== Data segment ==
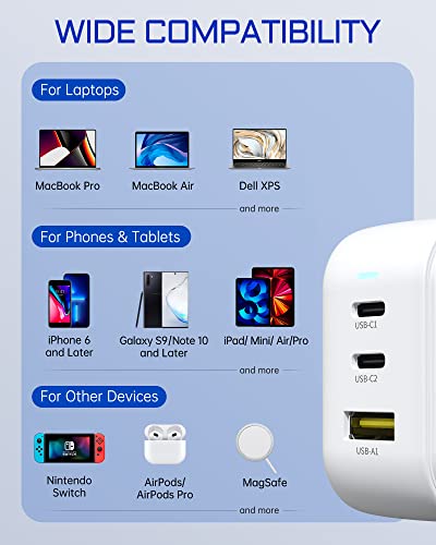 USB C Charger, Aergiatech 65W PD3.0 GaN PPS QC3.0 Kind C Quick Charging Energy Adapter Foldable 3Port Charger Block for iPhone, for MacBook Professional, for iPad Professional, Swap, Galaxy S22/ S21/S20 White
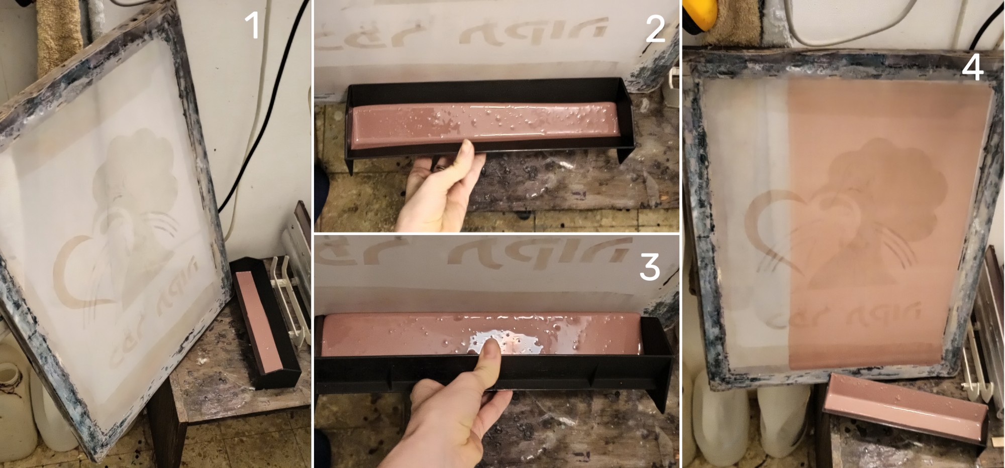 בשלב הזה נשתמש בכף למריחת אמולסיה, זו כף ייעודית שקונים מספקים של הדפס רשת. לכף יש בסיס אליו היא עומדת ושני צידי מריחה: אחד עבה ואחד דק. מומלץ למרוח את האמולסיה על הצד הדק כדי לקבל שכבה דקה של אמולסיה על הרשת - שזו המטרה בשלב זה.
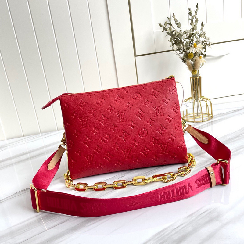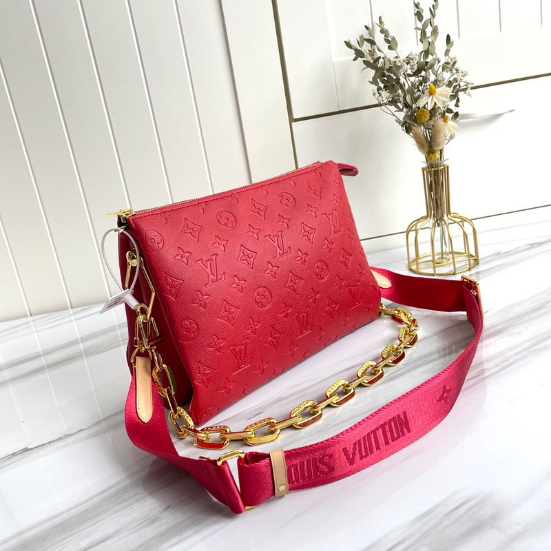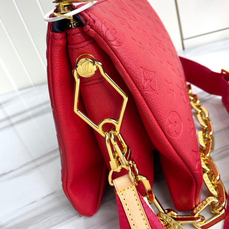 Louis Vuitton Red Leather Shoulder Bag ,Coussin Handbag for women
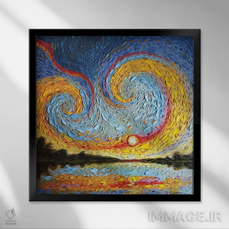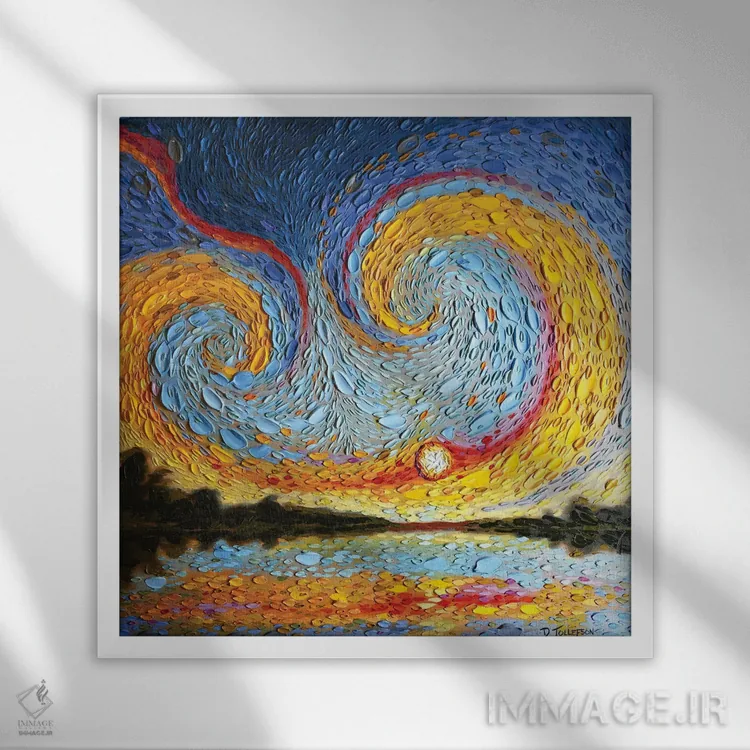 براساس پالت ترکیبی اثر، قاب تیک گرم (چوبی) پیشنهاد اول است و مشکی مات (فریم متوسط) مکمل. برای سفارشهای پروژهای با ابعاد و قابهای اختصاصی با ایماژ در تماس باشید.
===
What to produce: Please set down, word for word, the lines starting at the line that holds "Louis Vuitton Red" and running to the end of the listing, with no pictures.

Answer to the problem:
 Louis Vuitton Red Leather Shoulder Bag ,Coussin Handbag for women
 براساس پالت ترکیبی اثر، قاب تیک گرم (چوبی) پیشنهاد اول است و مشکی مات (فریم متوسط) مکمل. برای سفارشهای پروژهای با ابعاد و قابهای اختصاصی با ایماژ در تماس باشید.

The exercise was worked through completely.